In Fall 2013, PKC was retained by York University to assist with the development of a 10-year strategic foodservice master plan for its Keele and Glendon campuses. (York’s total enrollment is approximately 55,000.) York has an urban setting and a diverse campus population along with a highly decentralized campus foodservice operation on its Keele campus with multiple vendors and entities that operate/oversee foodservice operations including those in the Student Centre and York Lanes. YU’s foodservice department (through its vendor Aramark) operates the residential dining units and multiple retail units (plus catering) and they were experiencing issues with high customer dissatisfaction, low meal plan participation, complaints about long lines, lack of choice and pricing. Campus administrators were also concerned about the impact the issues related to the dining program were having on campus housing and students’ perceived value and willingness to live on campus. (The dining program was not perceived as a plus to living on campus). YU administrators were also concerned about the lack of social architecture on campus and wanted to identify ways to create exciting and inviting dining venues that would provide comfortable and convenient places for residential and commuter students, faculty and staff to gather throughout the day seven days a week in order to connect and interact with each other and build community spirit. Finally, YU administrators also wanted to present a holistic approach to campus dining, and wanted PKC to assist them with identifying ways to improve the foodservice operations under the University’s purview while making sure that they were in step with the other offerings on campus.

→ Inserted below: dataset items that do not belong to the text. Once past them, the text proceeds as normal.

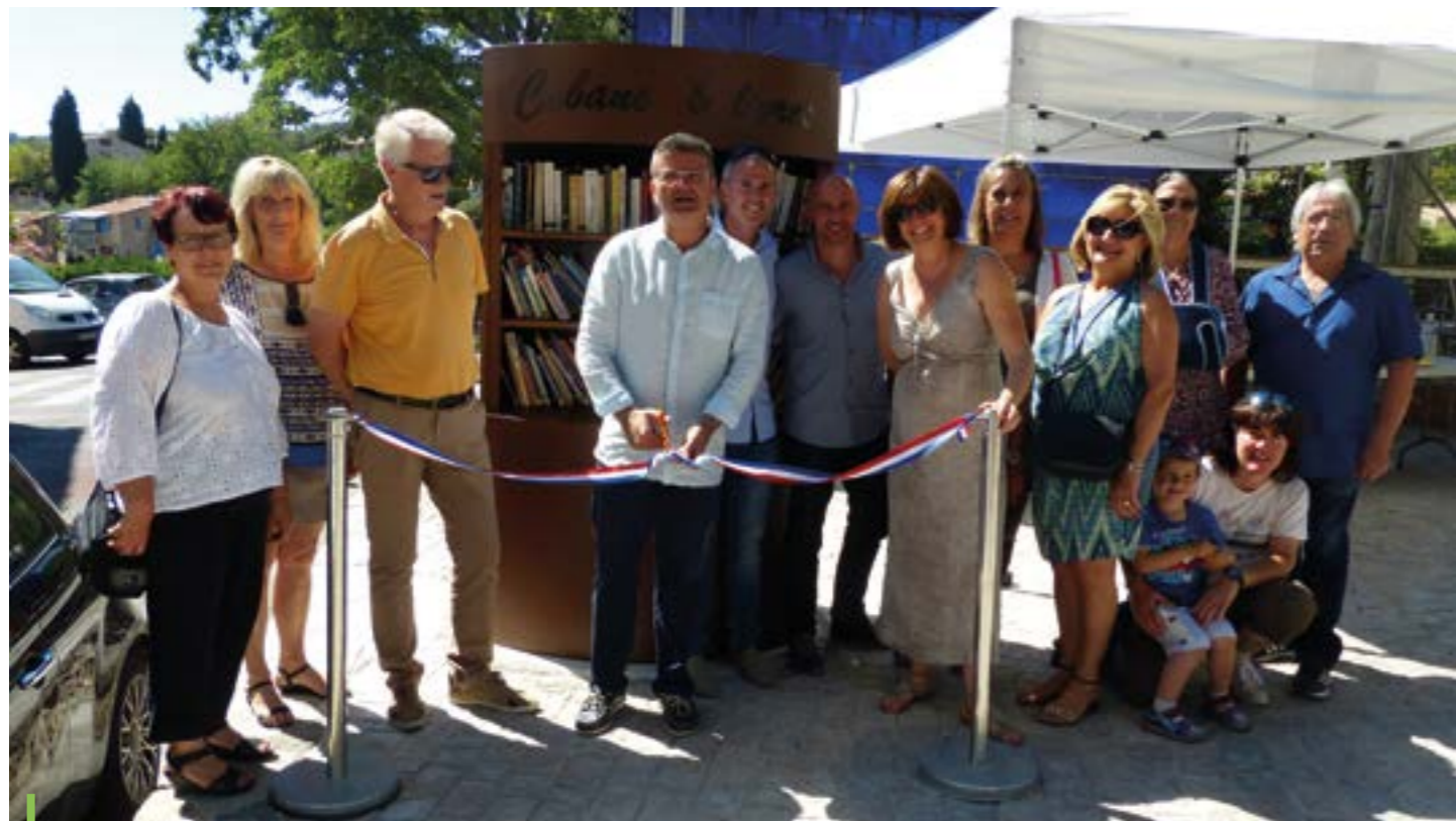
Le Maire, entouré de plusieurs élus lors de l'inauguration de la Cabane à Livres le Mardi 28 juin sur la place de la Mairie.

A Ceyreste, nous parions sur la culture ! Il y a peu, un nouvel élément est venu s'implanter sur la place de la Mairie : une cabane à livres. Elle est visible autant que possible, elle se veut fonctionnelle, conviviale et esthétique !
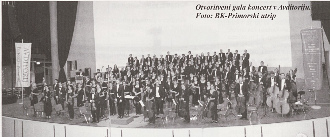
Otvoritveni gala koncert v Avditoriju.

Z Verdijevim Rekvieom se je v Avditoriju začel osmi Tartinijev festival, ki je trajal od 28. 8. 2009 do 12. 9. 2009 na različnih prizoriščih v Piranu in Izoli. Verdijevo največje sakralno delo je tako po nekaj letih ponovno na slovenskih odrih in na Primorskem smo ga slišali prvič. Občinstvo portoroškega amfiteatra je z gromkim aplavzom izkazalo navdušenje nad to nepozabno glasbeno izkušnjo.
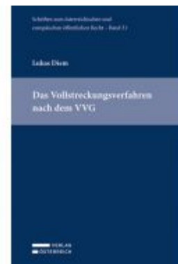
Das Vollstreckungsverfahren nach dem VVG Ladenpreis: 69,00EUR

PKC’s scope of work included qualitative and quantitative market research on both campuses, operational audits of the dining venues for both campuses, confirmation and development of foodservice options for three residential dining facilities and multiple retail venues operated by YU, development of value-added meal plans and other programming elements that will allow YU to build a stronger social architecture on its campuses, grow meal plan sales and improve overall satisfaction. PKC is in the process of finalizing the final report which provides all of the results of our market research and operational audits along with financial projections illustrating the revenue/expenses implications of our recommendations, demand modeling and capital costs estimates for venues we recommended constructing and a 10-year timeline for implementing this strategic foodservice master plan for both the Keele and Glendon campuses.

Two of the expected outcomes of this project are that 1) the new optimum dining program will add value to the entire foodservice program on campus and to the residential student life experience and 2) that the University will be able to capture more meal plan business from commuter students as the dining program we outlined provides extended hours of operation (including 24/7) and convenient, customer-friendly venues where commuters can gather to study or hang out during the day and those who live close to campus can have safe on-campus environments to study, eat and socialize when it is most convenient for them.